» EXERCISE DIRECTIONS: Repeat, line for line, only the span that opens at the "Lelys Hair Growth" line and closes at the final line below. Skip the pictures.

» RAW DATA:
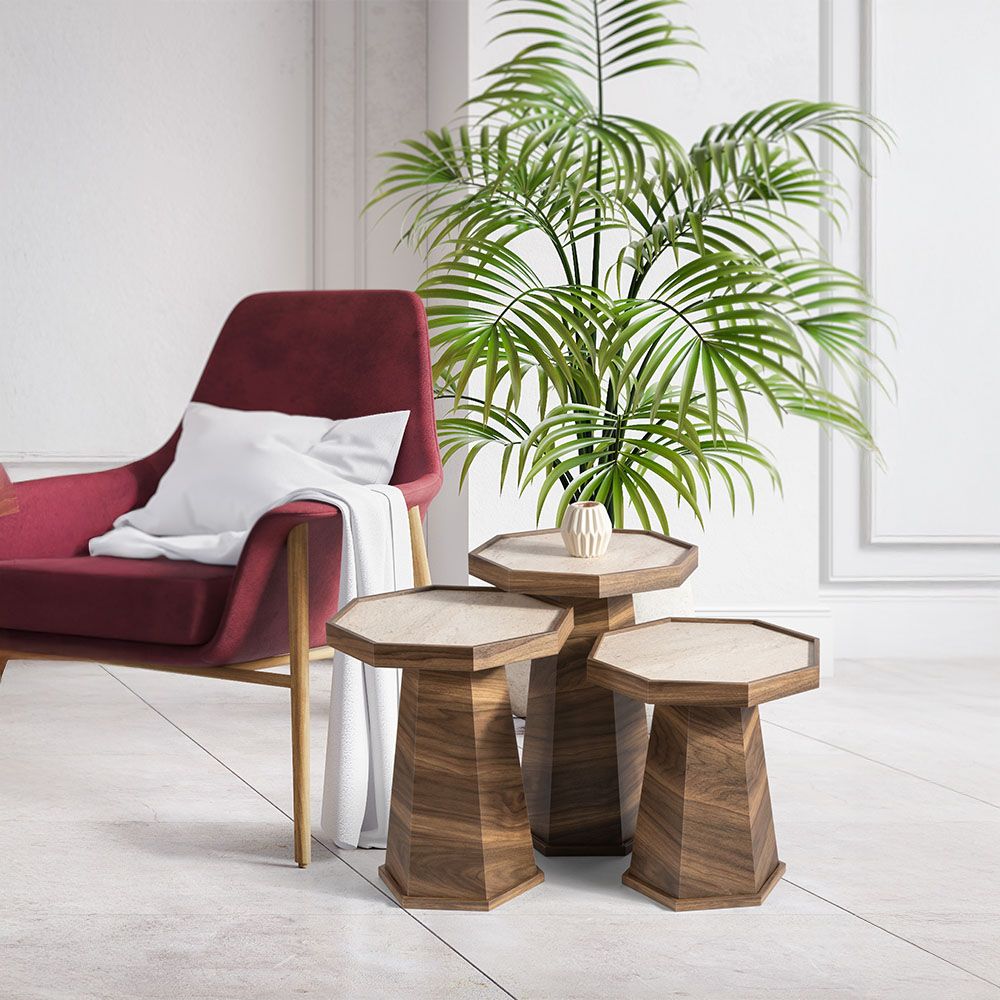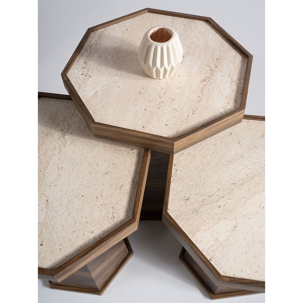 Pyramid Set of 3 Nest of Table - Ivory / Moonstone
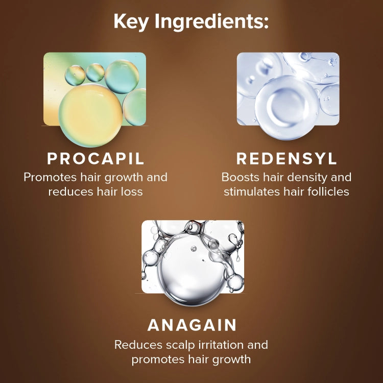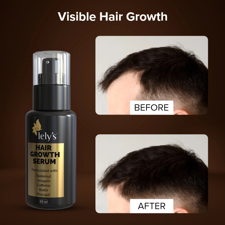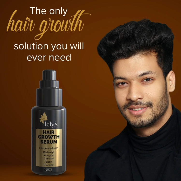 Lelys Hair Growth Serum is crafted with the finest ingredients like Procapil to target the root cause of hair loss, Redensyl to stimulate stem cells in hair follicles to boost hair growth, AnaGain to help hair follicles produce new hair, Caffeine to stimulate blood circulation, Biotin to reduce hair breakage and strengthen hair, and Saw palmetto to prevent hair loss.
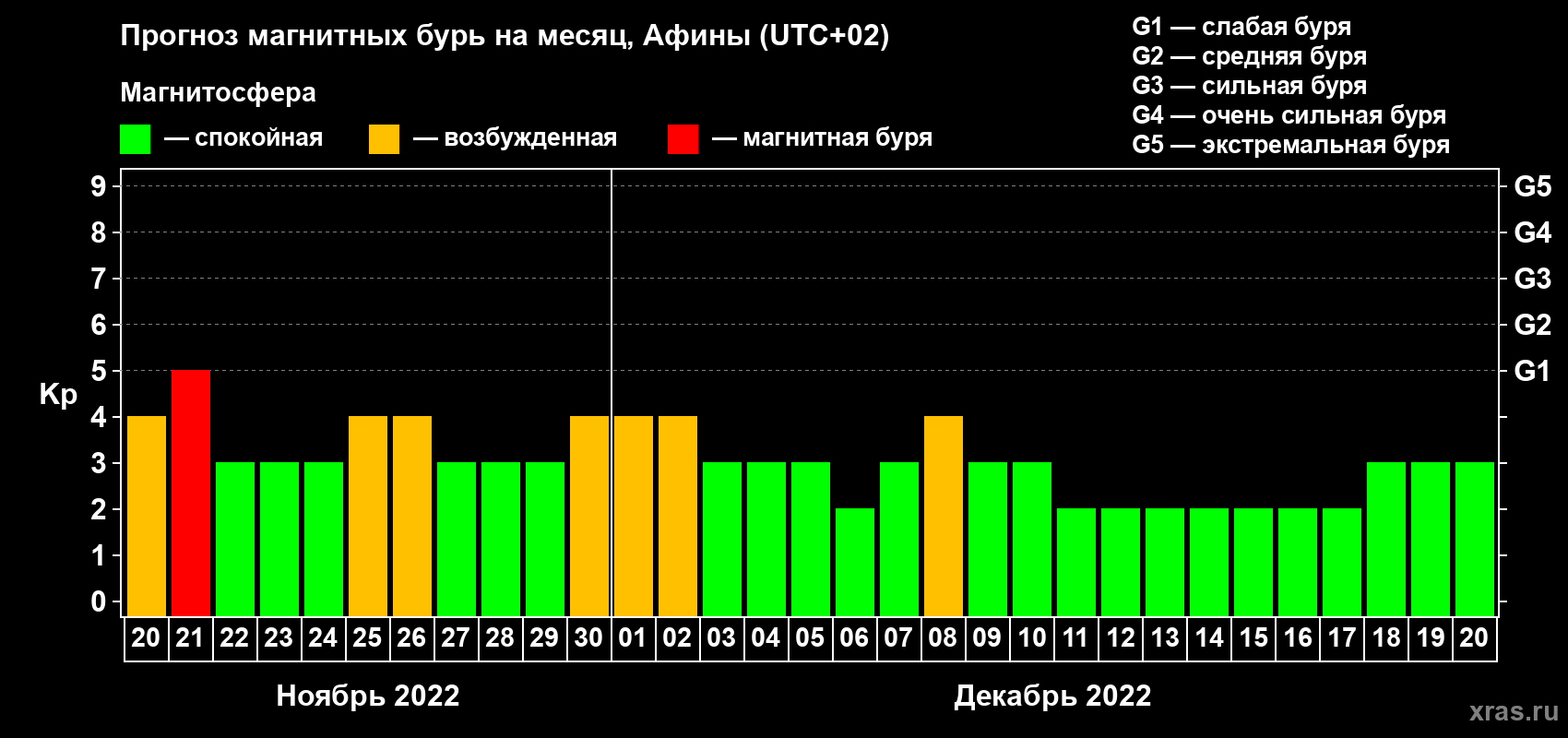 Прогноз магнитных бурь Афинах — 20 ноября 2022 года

» YOUR SOLUTION:
 Lelys Hair Growth Serum is crafted with the finest ingredients like Procapil to target the root cause of hair loss, Redensyl to stimulate stem cells in hair follicles to boost hair growth, AnaGain to help hair follicles produce new hair, Caffeine to stimulate blood circulation, Biotin to reduce hair breakage and strengthen hair, and Saw palmetto to prevent hair loss.
 Прогноз магнитных бурь Афинах — 20 ноября 2022 года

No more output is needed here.